Working in tech, especially at a certain level, can insulate you from the everyday constraints and realities that a lot of people navigate. Nobody in that room was being careless on purpose. They were just designing from their own experience, which is exactly what we all do when we don’t have other perspectives in the room to push back.
There’s a version of this that gets dismissed as a research problem, and yes, strong qualitative and quantitative research can surface a lot of it. But research requires time, attention, and a genuine commitment to understanding your full user base, not just the one that looks like your core—or ideal—user. And when your team shares the same academic background, the same career trajectory, the same general relationship to stability and privilege, the research questions you think to ask may reflect that. You can’t investigate the gaps you don’t know exist.
Design for the Edge Cases, Hire for the Unexpected
This is why I care deeply about who’s in the room. Not just about diversity as an abstract organizational value, but because people who have had non-linear careers, unconventional paths, and varied life experiences bring a fundamentally different quality of thinking to design problems. They ask harder questions. They’re more likely to see around corners. They’re less likely to assume that the way they experience the world is the way everyone does.

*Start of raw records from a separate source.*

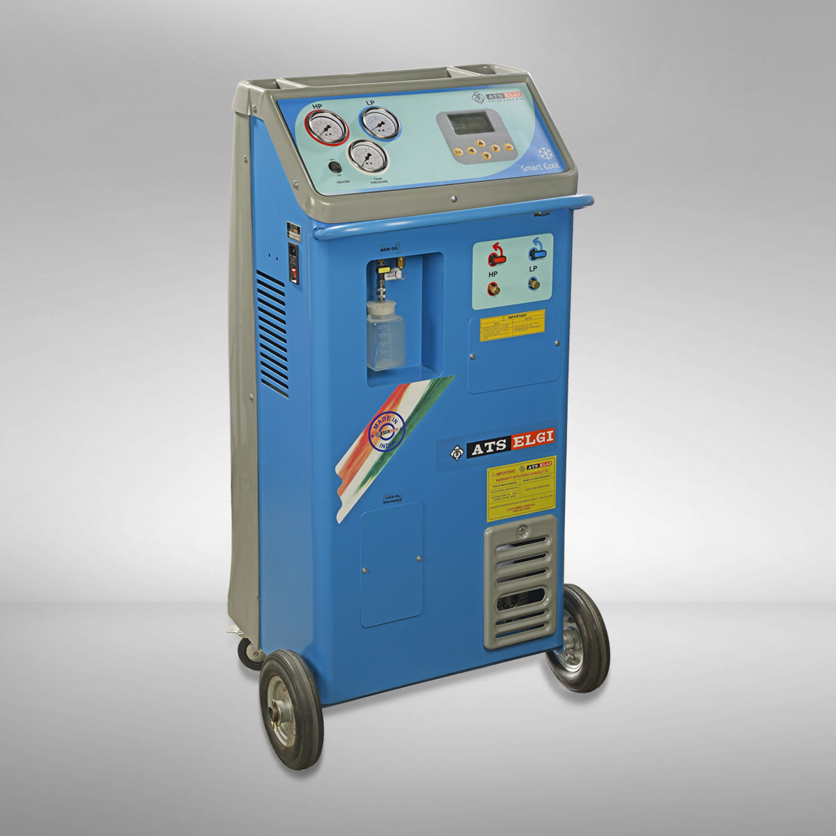 The ATS ELGI Smart Cool is a Semi Automatic Single gas station for Recovering, Recycling and Recharging R134a refrigerent
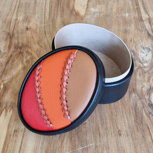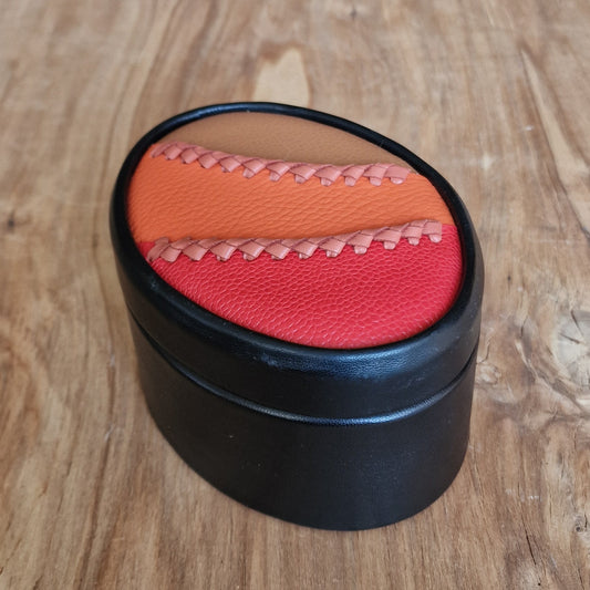 Melna dekoratīvā ādas kārba ar brūni / oranži / sarkanu vāku / ovāla L (RARA 222)
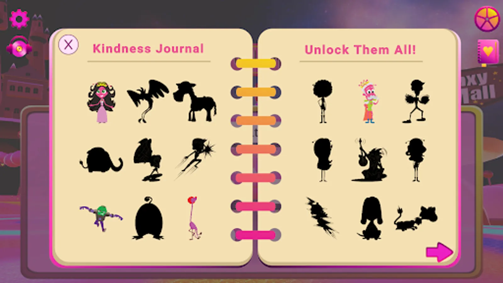 Planet Pink has the player answer questions based around the lore of the Planet Pink stories. As the player makes the correct answer, they will have the opportunity to rescue and unlock new friends from the Planet Pink stories, learning more about these adorable and fascinating characters in the Kindness Journal.
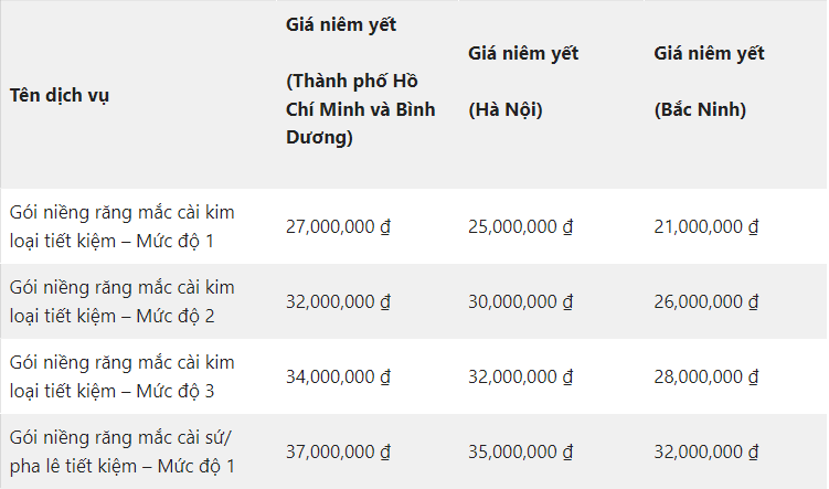 Tham khảo bảng giá niềng răng trả góp
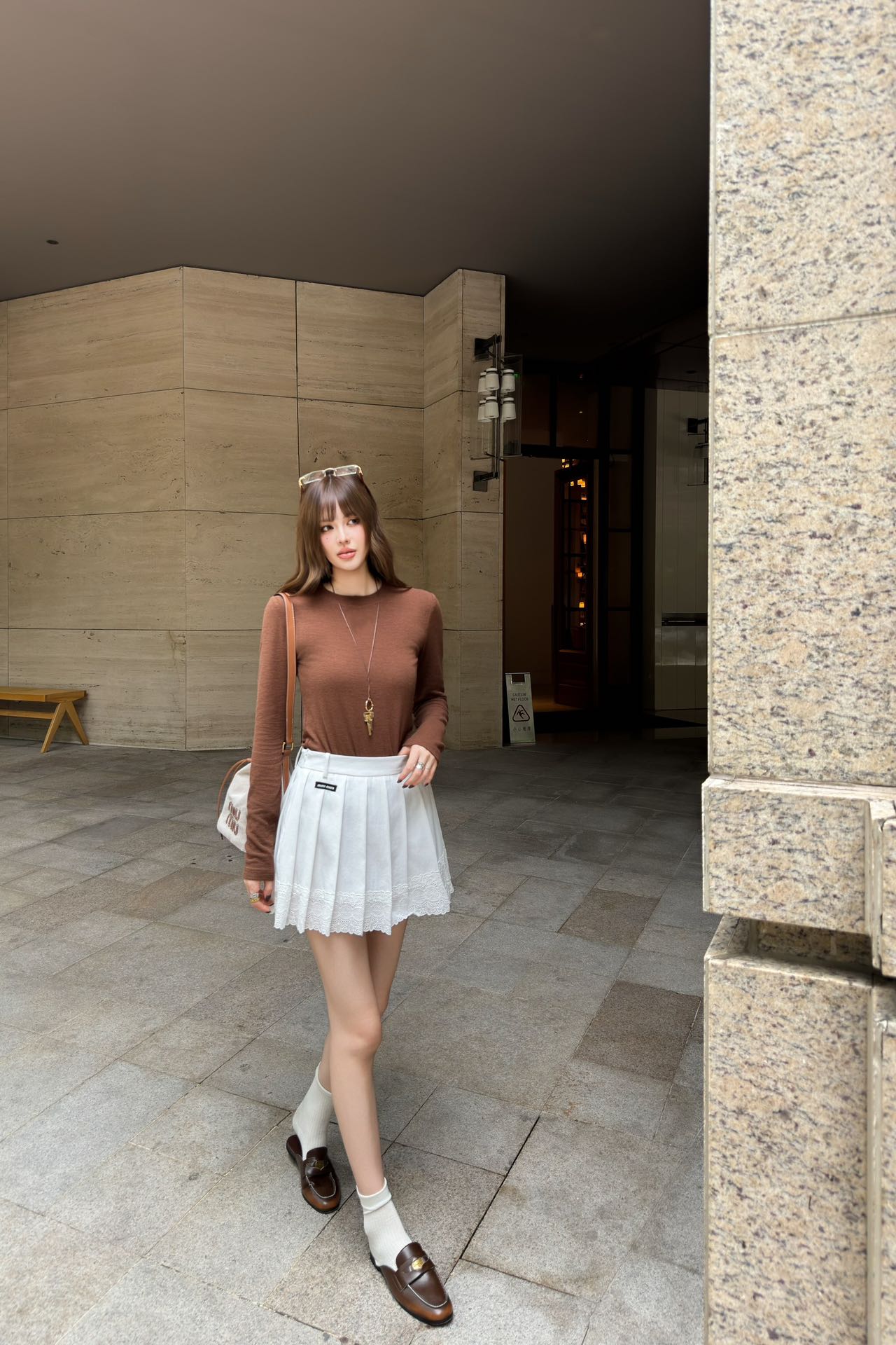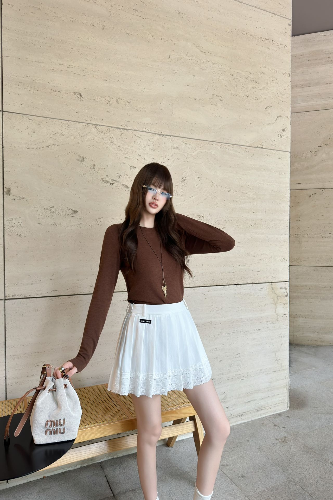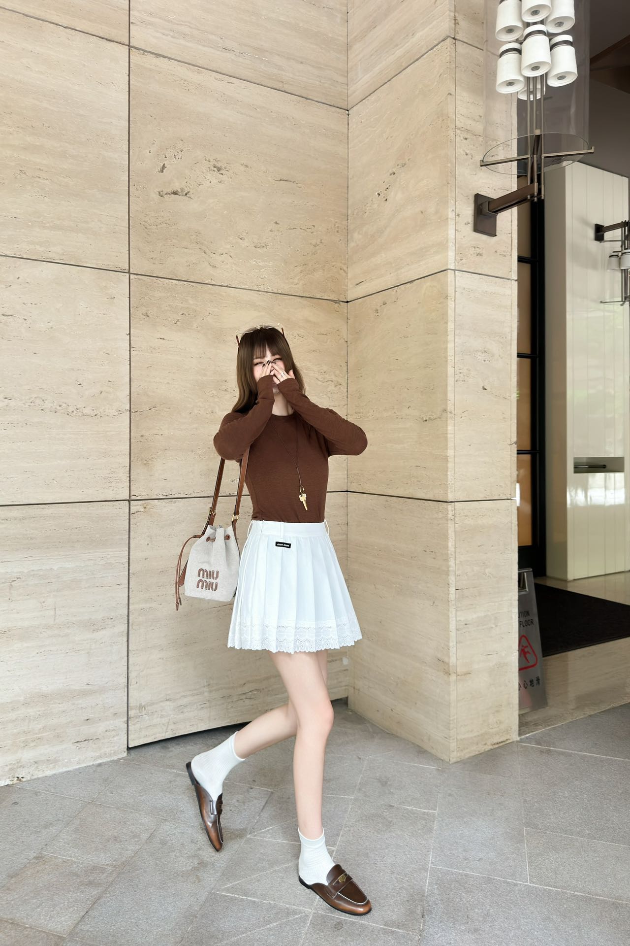 Elevate your wardrobe with the Miu Miu 25FW Early Autumn Collection pleated mini skirt, a must-have for fashion-forward individuals. This skirt combines classic design with modern aesthetics, making it a versatile addition to any outfit.
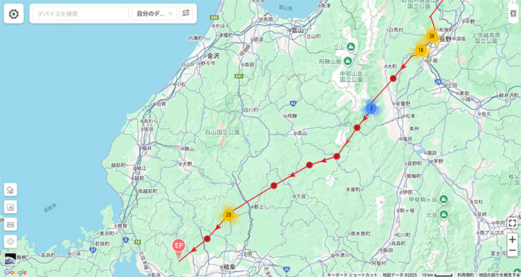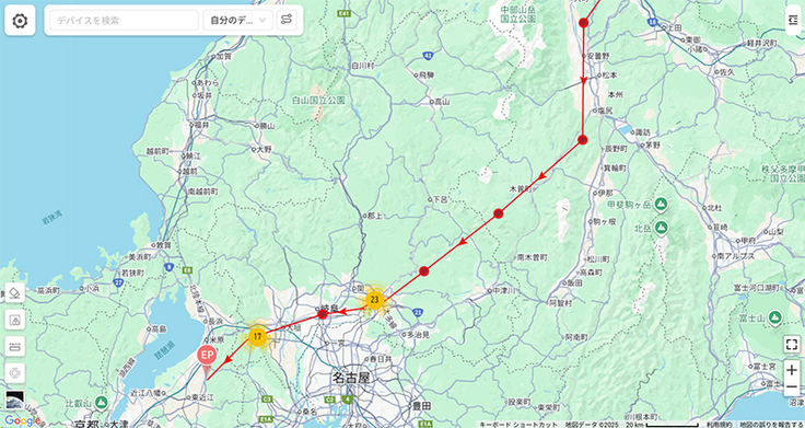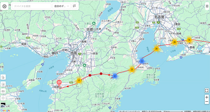 生勝③が久々に動き出しました。9月22日から10月7日まで同じ場所に15日間滞在していたので、一応京都府のこの場所を中継地として記録しました。赤く120と示されているあたりです。

When I hire, I’m not just scanning for expensive colleges, impressive company names or tidy career ladders. I’m looking for range. Curiosity. Evidence that someone has worked across different product areas, thought about downstream effects, and demonstrated some genuine understanding of the people who use what we build. A portfolio full of polished case studies from well-resourced companies is one signal. But the designer who can tell me about a time they caught something nobody else saw, that’s the person I want on my team. I want to work with people who humble me when I miss something, because they brought their unique perspective into the room—it’s what makes us all stronger.